A.  Wiechmann was not ineffective.

            11      Miller argues that Wiechmann, his trial attorney, was deficient because he failed to make reasonable efforts to serve Peaslee with a subpoena.  Further, he contends that he was prejudiced by this deficiency.  The State, on the other hand, maintains that Wiechmann’s efforts to serve Peaslee were reasonable, but the State claims that the statements of both Franco and Bennett were not admissible because the statements were not corroborated.[8]

            12      We review claims of ineffective assistance of counsel under the two‑prong standard of Strickland v. Washington, 466 U.S. 668 (1984).  To prevail on such a claim, the defendant must prove that the attorney’s performance was deficient and that the deficiency was prejudicial.  State v. Allen, 2004 WI 106, ¶26, 274 Wis. 2d 568, 682 N.W.2d 433.  “‘[B]oth the performance and prejudice components ... are mixed questions of law and fact.’”  State v. Pitsch, 124 Wis. 2d 628, 633-634, 369 N.W.2d 711 (1985) (citation omitted).  The trial court’s findings of fact will not be overturned unless clearly erroneous.  State v. Johnson, 153 Wis. 2d 121, 127, 449 N.W.2d 845 (1990).  Whether the attorney’s performance was deficient and whether the deficiency prejudiced the defense are questions of law that we review de novo.  Id. at 128.

            13      Wisconsin Stat. § 908.045 discusses hearsay exceptions when the declarant is unavailable.  Section 908.045(4) permits a statement against interest to be admissible if the declarant is found to be unavailable, but has an additional requirement when the declarant is exposed to criminal liability.  Section 908.045(4) reads, in pertinent part:  “A statement tending to expose the declarant to criminal liability and offered to exculpate the accused is not admissible unless corroborated.”  Pursuant to Wis.
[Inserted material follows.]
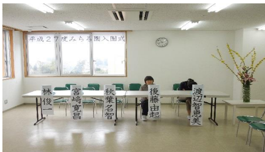
厳粛な式典会場（新館特設ホール）

平成27年4月1日うらかな小春日和、当園の入園式が厳粛に執り行われました。式典の出席者は新入園者5名を含め総勢70名を超え近年で最も盛大な式典となりました。
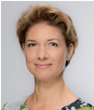
Dr. Alexandra Sußmann Bürgermeisterin für Soziales und gesellschaftliche Integration

Wir begrüßen Sie herzlich zu „Kino ganz nah – 1. Stuttgarter Filmfest der Generationen“, das erstmalig und in dieser Form neu in Stuttgart vom 17. September bis zum 30. November 2023 stattfindet. Bisher koordinierte das Gesundheitsamt der Landeshauptstadt Stuttgart die zahlreichen Veranstaltungen im Rahmen des Europäischen Filmfestivals der Generationen. Ab diesem Jahr nun wird das neue Filmfest „Kino ganz nah“ vom Gesundheitsamt in Kooperation mit dem Verein Haus für Film und Medien Stuttgart e.V. (HFM) durchgeführt.

Stat. § 908.04(1)(e), a declarant is unavailable if the declarant “[i]s absent from the hearing and the proponent of the declarant’s statement has been unable to procure the declarant’s attendance by process or other reasonable means.”

            14      “Construction of a statute, or its application to undisputed facts, is a question of law, which we decide independently, without deference to the trial court’s determination.”  Truttschel v. Martin, 208 Wis. 2d 361, 364-65, 560 N.W.2d 315 (Ct. App. 1997).  However, the admission of evidence lies within the sound discretion of the trial court.  State v. Pepin, 110 Wis. 2d 431, 435, 328 N.W.2d 898 (Ct. App. 1982).  “When we review a discretionary decision, we examine the record to determine if the [trial] court logically interpreted the facts, applied the proper legal standard, and used a demonstrated rational process to reach a conclusion that a reasonable judge could reach.”  State v. Wanta, 224 Wis. 2d 679, 689, 592 N.W.2d 645 (Ct. App. 1999).  In considering whether the proper legal standard was applied, however, no deference is due.  This court’s function is to correct legal errors.  See Vogel v. Grant-Lafayette Elec. Coop., 195 Wis. 2d 198, 209, 536 N.W.2d 140 (Ct. App. 1995) (noting that we may reverse a discretionary decision which was based on an erroneous view of the law), rev’d on other grounds, 201 Wis. 2d 416, 548 N.W.2d 829 (1996).  “Therefore, we review de novo whether the evidence before the [trial] court was legally sufficient to support its rulings.  Furthermore, if evidence has been erroneously admitted or excluded, we will independently determine whether that error was harmless or prejudicial.”  Ansani v. Cascade Mountain, Inc., 223 Wis. 2d 39, 46, 588 N.W.2d 321 (Ct. App. 1998) (citation omitted).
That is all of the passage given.